Of course, a great many Americans were stationed in or near the city—railroad engineers, training camps of combat units newly arrived in France, construction engineers, quartermaster units, and two great hospital centers. Every company I visited, every ward in the hospitals, had at least a few Jewish boys, and all of them were equally glad to see me and to attend my services. In fact, my first clear impression in France was that here lay a tremendous field for work, crying out for Jewish chaplains and other religious workers, and that we had such a pitiful force to answer the demand. At that time there were over fifty thousand Jewish soldiers in the A. E. F. at a very conservative estimate, with exactly six chaplains and four representatives of the Jewish Welfare Board to minister to them. When I took up my work at Nevers, I was simply staggered by the demands made on me and my inability to fulfill more than a fraction of them.
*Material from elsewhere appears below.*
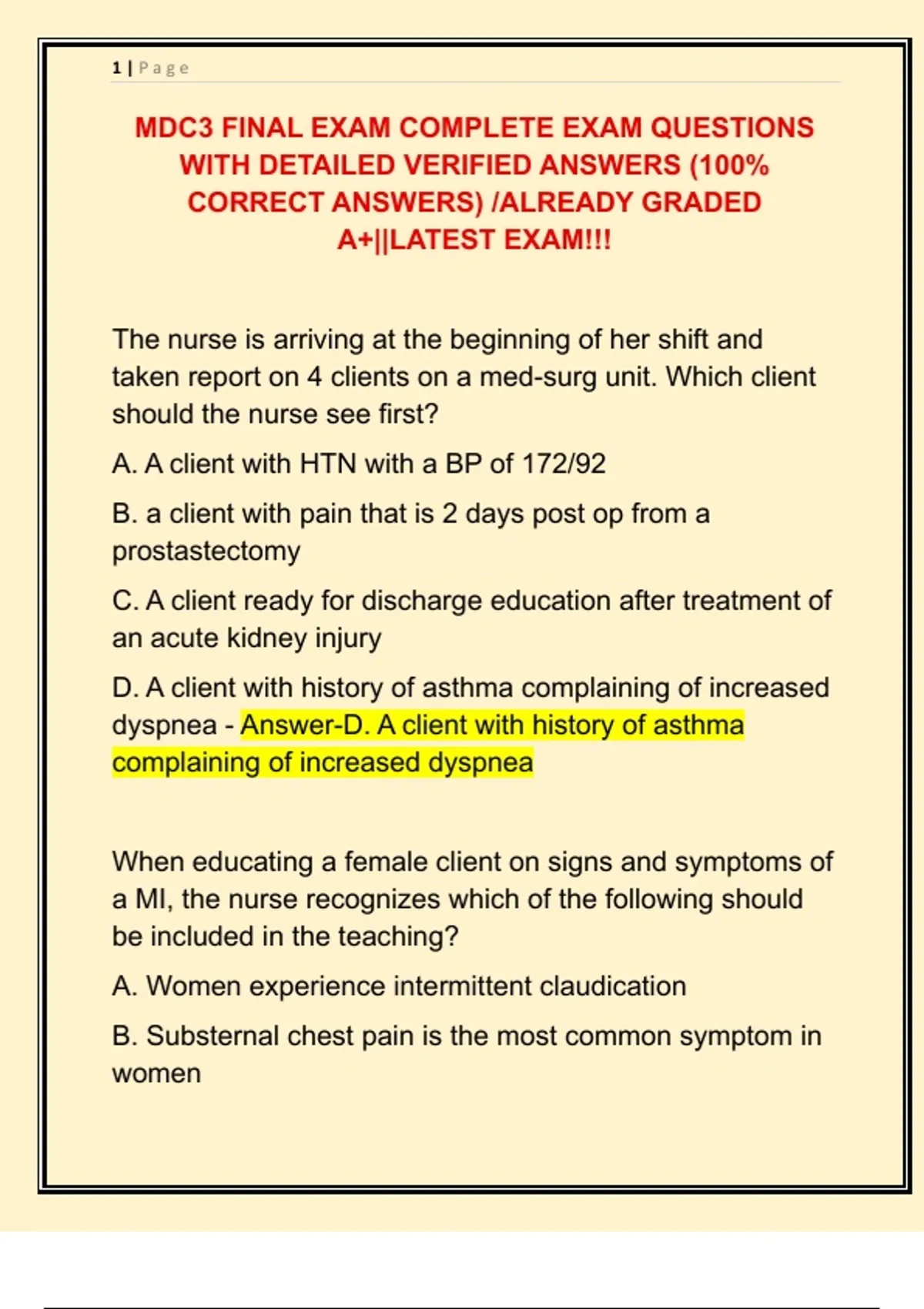 MDC3 FINAL EXAM COMPLETE EXAM QUESTIONS

At first came the sudden rush of men into the city for the first day of Rosh Hashanah, the Jewish New Year. The hotels filled up almost at once; then came others who could not find accommodations, and still others who had been confined to hospitals, had drawn no pay for several months, and could not pay for a hotel room or even a shave. The problem was solved by two very helpful officers who stayed up most of the night until they had provided enough room on the barrack floors and enough blankets for all who needed them. The accommodations were crude, but the men were soldiers and glad to get them. I was doubly proud, therefore, that this crowd of ours, without official control, coming for the festival and therefore released from the incessant discipline they had become used to, never once took advantage of their privileges. We troubled the authorities for their sleeping quarters and for special permission to be on the street after nine at night—but that was all. Many of the boys may have appreciated their leave more than the festival, but all justified the confidence shown in them by their conduct.
Imagine the difference between our services in France and those to which I have been accustomed in our rather tame and formal civilian congregations. My congregation there was composed almost entirely of men, and those men all very young. We were meeting in a strange land, amid an ancient but alien civilization, which some of us liked and some disliked, but which none of us could quite understand. We had no scroll of the Law, no ram's horn, not even a complete prayerbook for the festivals. We had no synagogue, and the places we used were lent us by people of another faith, friends and co-workers, indeed, but with little interest in our festivals or our religious needs.